Biel_ze_Bubba July 19, 2011 at 9:20 pm

Bend over and grab your bootstraps, Rick … here comes a big donation.

Negropolis July 20, 2011 at 12:21 am

I call mine The Contribution. It's so big that I have to file it with the FEC.

Doktor Zoom July 19, 2011 at 8:48 pm

Tch. You'd think he'd have some gratitude for Dan Savage, who helped bring him all that name recognition.

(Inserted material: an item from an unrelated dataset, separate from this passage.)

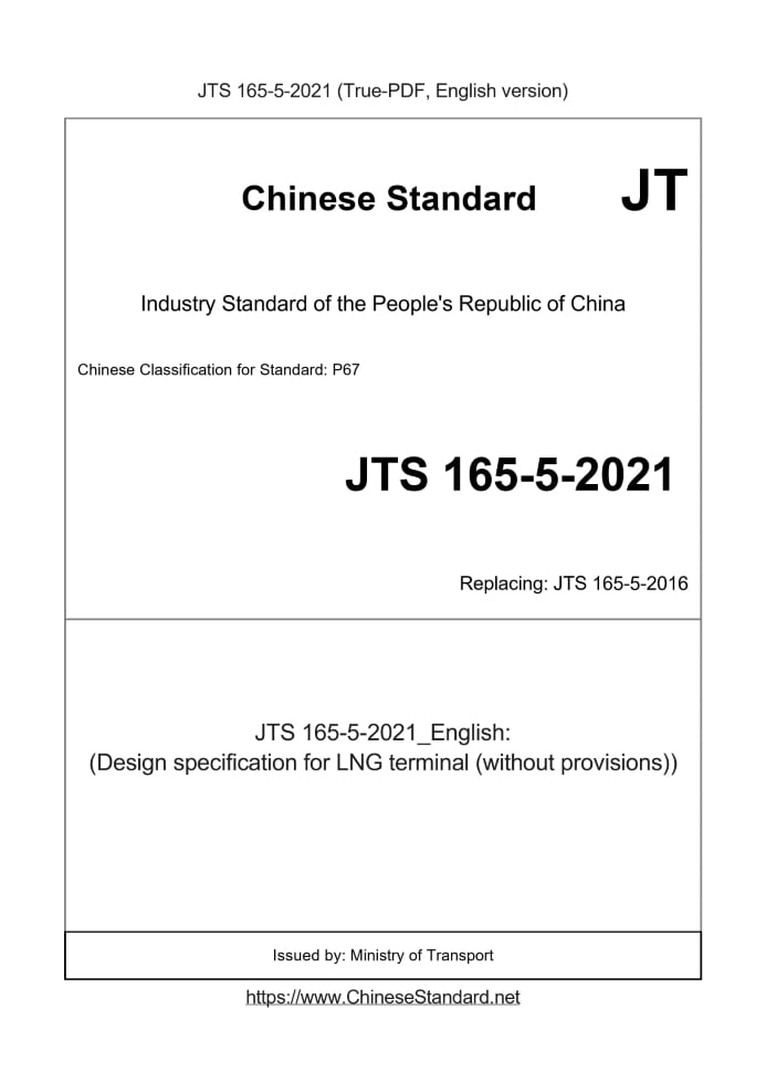 Delivery: <= 7 days. True-PDF full-copy in English will be manually translated and delivered via email. JTS165-5-2021: (Design specification for LNG terminal (without provisions)) Status: Valid JTS165-5: Historical versions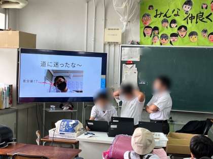 4年生は総合学習の時間です。プレゼン係が作ったおもしろプレゼンを皆で視聴した後、プログラミングソフトを使って、プログラミングの練習をしました。

emmelemm July 19, 2011 at 8:55 pm

Apparently Dan Savage said he'd hatefuck Santorum, which caused Santorum to throw a hissy fit, about "vulgarity". Vulgarity, indeed.

PristineODummy July 20, 2011 at 1:43 am

Wasn't Danny. It was a co-panelist on Maher's show who said he wished Marcus would fuck Michele with hate and anger. I don't think Dan Savage would fuck Li'l Ricky for all the money OR free lube in the world. Dan's a good-looking guy with high standards.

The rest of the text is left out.